Senator Gravel enlisted in the U.S. Army (1951-54) and served as special adjutant in the Communication Intelligence Services and as a Special Agent in the Counter Intelligence Corps. He received a B.S. in Economics from Columbia University, New York City, and holds four honorary degrees in law and public affairs.
Mike Gravel served in the Alaska House of Representatives from 1963-66, and as Speaker from 1965-66. He then represented Alaska in the U.S. Senate from 1969-81. He served on the Finance, Interior, and Environmental and Public Works committees, chairing the Energy, Water Resources, Buildings and Grounds, and Environmental Pollution subcommittees.

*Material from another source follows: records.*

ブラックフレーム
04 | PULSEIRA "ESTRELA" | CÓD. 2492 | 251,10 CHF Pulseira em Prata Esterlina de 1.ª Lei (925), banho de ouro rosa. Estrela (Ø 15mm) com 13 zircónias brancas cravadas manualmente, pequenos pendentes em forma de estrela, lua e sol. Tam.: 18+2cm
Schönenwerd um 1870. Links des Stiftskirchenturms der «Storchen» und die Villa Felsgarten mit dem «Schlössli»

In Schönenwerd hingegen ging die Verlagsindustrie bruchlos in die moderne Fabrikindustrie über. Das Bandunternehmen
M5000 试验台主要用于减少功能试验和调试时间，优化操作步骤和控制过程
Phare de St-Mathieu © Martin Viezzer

In 1971, he waged a successful one-man filibuster for five months that forced the Nixon administration to cut a deal, effectively ending the draft in the United States. He is most prominently known for his release of the Pentagon Papers, the secret official study that revealed the lies and manipulations of successive U.S. administrations that misled the country into the Vietnam War. After the New York Times published portions of the leaked study, the Nixon administration moved to block any further publication of information and to punish any newspaper publisher who revealed the contents.
From the floor of the senate, Gravel (a junior senator at the time) insisted that his constituents had a right to know the truth behind the war and proceeded to read 4,100 pages of the 7,000 page document into the senate record. The Supreme Court ultimately ruled that Senator Gravel did not have the right and responsibility to share official documents with his constituents.

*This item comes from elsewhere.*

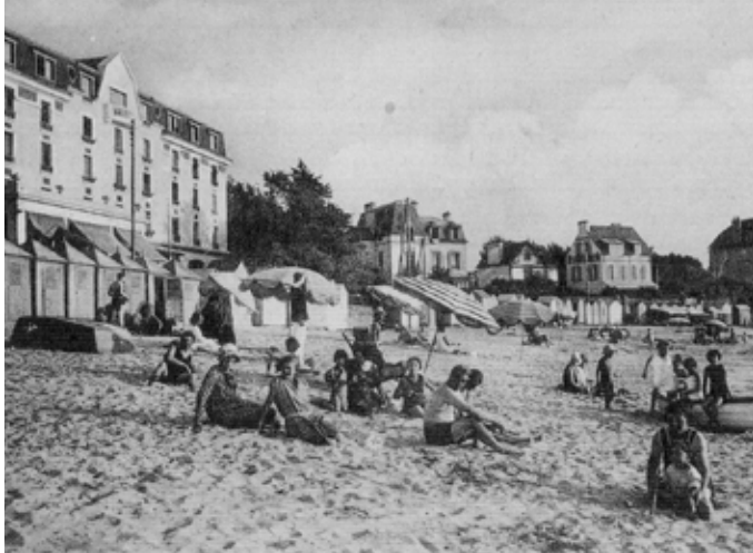
Plage de Cornouaille - 1 re moitié du XX e siècle
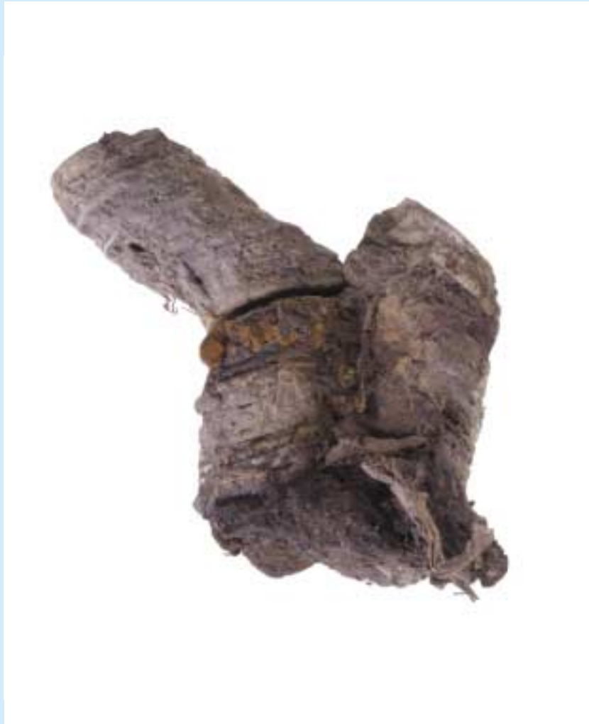
写真1： さしげに 纏銭〔原寸〕

He then published The Senator Gravel Edition, The Pentagon Papers, Beacon Press (1971). This publication resulted in litigation, Gravel v. U.S., resulting in a landmark Supreme Court decision (No. 71-1017-1026) relative to the Speech and Debate Clause (Article 1, Section 6) of the United States Constitution.
He has worked as a cab driver in New York City, a clerk on Wall Street and as a brakeman on the Alaska Railroad. He founded and served as president of The Democracy Foundation, Philadelphia II, and Direct Democracy, nonprofit corporations dedicated to the establishment of direct democracy in the United States through the enactment of the National Initiative for Democracy by American voters.
Books authored by Senator Gravel are Jobs and More Jobs, and Citizen Power. He lectures and writes about governance, foreign affairs, economics, Social Security, tax reform, energy, environmental issues and democracy.
Senator Gravel is married to Whitney Stewart Gravel and has two grown children: Martin Gravel living in Colorado and Lynne Gravel Mosier, living in California. The Gravels have four grandchildren: Renee, Alex, Madison and Mackenzie.